In any group of red knots, respective individuals exhibit a remarkable array of distinct character types. Birds with an exploratory character are motivated to investigate their environment and readily explore unfamiliar areas. Meanwhile, birds with inactive character types are content to remain in familiar territory. Interestingly, the birds do not appear to hatch with predetermined character types. Their characters are formed later, in the first year of life, as a result of their experiences in the Wadden Sea. Selin Ersoy and her colleagues arrived at this conclusion in a recently published paper in the Journal Animal Behaviour.
Automatic character test
Ersoy and colleagues used automated measurements to assay the characters of both old and young red knots. Young red knots were defined as birds arriving in the Wadden Sea for the first time in their lives, after departing from the tundra where they hatch. Captured birds were placed briefly in a tent containing sand-filled trays and a recording camera with a bird's-eye view of the entire tent. A computer algorithm uses the footage to determine how much the birds have moved around the tent. Exploratory types easily cover 200 meters within 20 minutes in the tent, hopping from one tray to the next. The inactive knots often remain on one of the trays until they are released.

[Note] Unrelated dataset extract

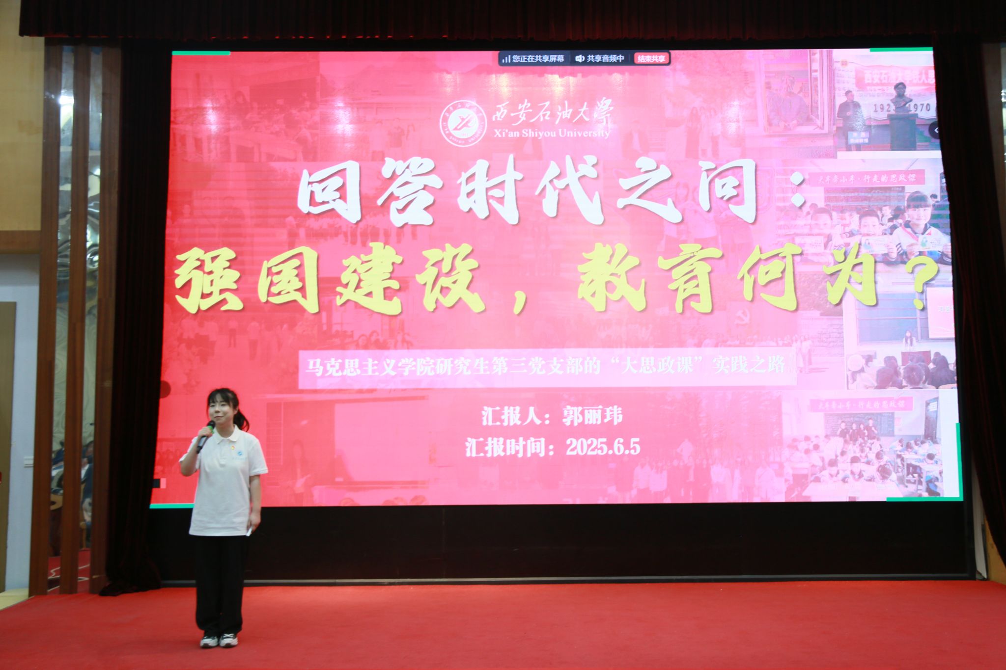 在十佳研究生黨員風(fēng)采展示中,石油工程學(xué)院博士研究生陳浩宇講述了以“融山匯?!敝聚`行能源報國初心,將九年志愿服務(wù)與六年黨務(wù)工作融入科研探索,發(fā)表8篇SCI論文和多項科研項目,以1150小時志愿服務(wù)踐行初心,以山海之志鑄就能源報國的新篇。經(jīng)濟管理學(xué)院碩士研究生姬祥飛講述了在西石大七年求學(xué)中,勤于實踐,漫漫求索,獲學(xué)生骨干、學(xué)術(shù)科研、學(xué)科競賽等多項成果,曾獲三次國家獎學(xué)金,榮獲“陜西好青年”,彰顯新時代青年擔(dān)當(dāng)?shù)墓适?。機械工程學(xué)院碩士研究生李紀新,以“紀實青春支教路,心繪未來新篇章”為主題分享了他的支教經(jīng)歷和感悟,展現(xiàn)了以青春之小我融入祖國之大我,在未來學(xué)術(shù)挑戰(zhàn)中奮勇向前的信心和決心。電子工程學(xué)院碩士研究生熊澤康以“小電路大擔(dān)當(dāng):一名工科黨員的能源報國路”為題,講述了以紅色信仰鑄就科研報國志,在團隊科研項目中實現(xiàn)國產(chǎn)化突破,抒發(fā)了石油學(xué)子以電路為刃破解能源困局,以青春擔(dān)當(dāng)鑄牢國家能源安全防線的青春志向。

"This automatic test has proven to be a reliable way to investigate the characters of the knots," said the test's creator, behavioural ecologist Allert Bijleveld of NIOZ. "When we put adult birds in the tent at intervals of days, weeks and months, the computer comes to the same conclusion on character. But when we repeatedly subject young birds to the test, they are not yet consistent in their measured character," Bijleveld said.
Character and food choice
Character is also related to food choice, according to the researchers. Exploratory types are constantly looking for the best food: prey which are easy to digest. Unfortunately, high quality prey such as shrimp and thin-shelled bivalves are difficult to find. Conversely, more passive birds are satisfied with prey that are more difficult to digest, but easier to find, such as shellfish with relatively little meat and lots of shell. Bijleveld: "From the traces left in the birds' blood by their diet, we could see that the older birds, with a consistent character, are also consistent in their food choice. Young birds not only have a less consistent character but are also much more variable in their diet. They seem to experiment by trying different prey, even seaweed."

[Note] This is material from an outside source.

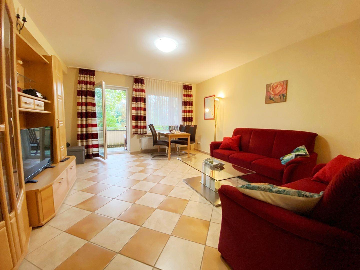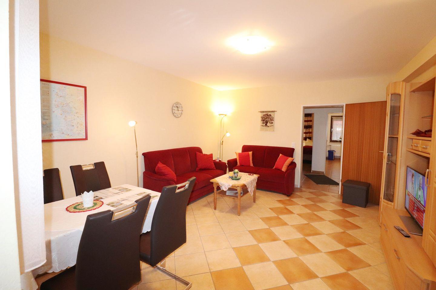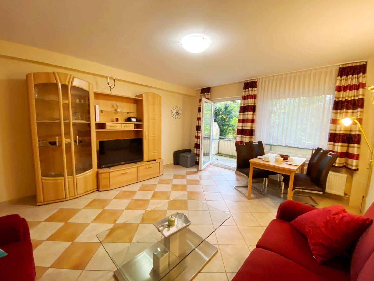 Die 2-Raum-Erdgeschosswohnung ist ca. 44m² groß, hat 1 Schlafzimmer ( 2 Einzelbetten) und ein Wohnzimmer. Die Wohnung verfügt über eine separate Küche und Duschbad. Die Küche hat einen Wasserkocher, Kaffeemaschine, Toaster, Geschirrspüler, sowie Geschirr für den täglichen Bedarf sind ebenfalls vorhanden. Die Terrasse lädt zum Entspannen ein. Haustiere nach Absprache erlaubt.

Based on the results of their character assays, Ersoy and colleagues conclude in their article that the character of the red knot is formed in the first year of life. The character of young birds is shaped by their initial experiences in the Wadden Sea, following their arrival from the tundra breeding grounds, where their first sustenance primarily consisted of insects. When they return to the Wadden Sea in subsequent years, they have seemingly formed food preferences and developed their character accordingly.
For Bijleveld, this research is another step forward in assembling the complex puzzle of wader behaviour. "It is fascinating to see how young birds still react flexibly to their environment and older birds have more fixed patterns. How this fits into a broader evolutionary picture, in terms of flexibility to a changing environment, is an open but interesting question. Apparently, it pays off to specialize over time. In a rapidly changing environment, it will therefore be the young birds that can adapt most easily to a new situation with, for example, very different food."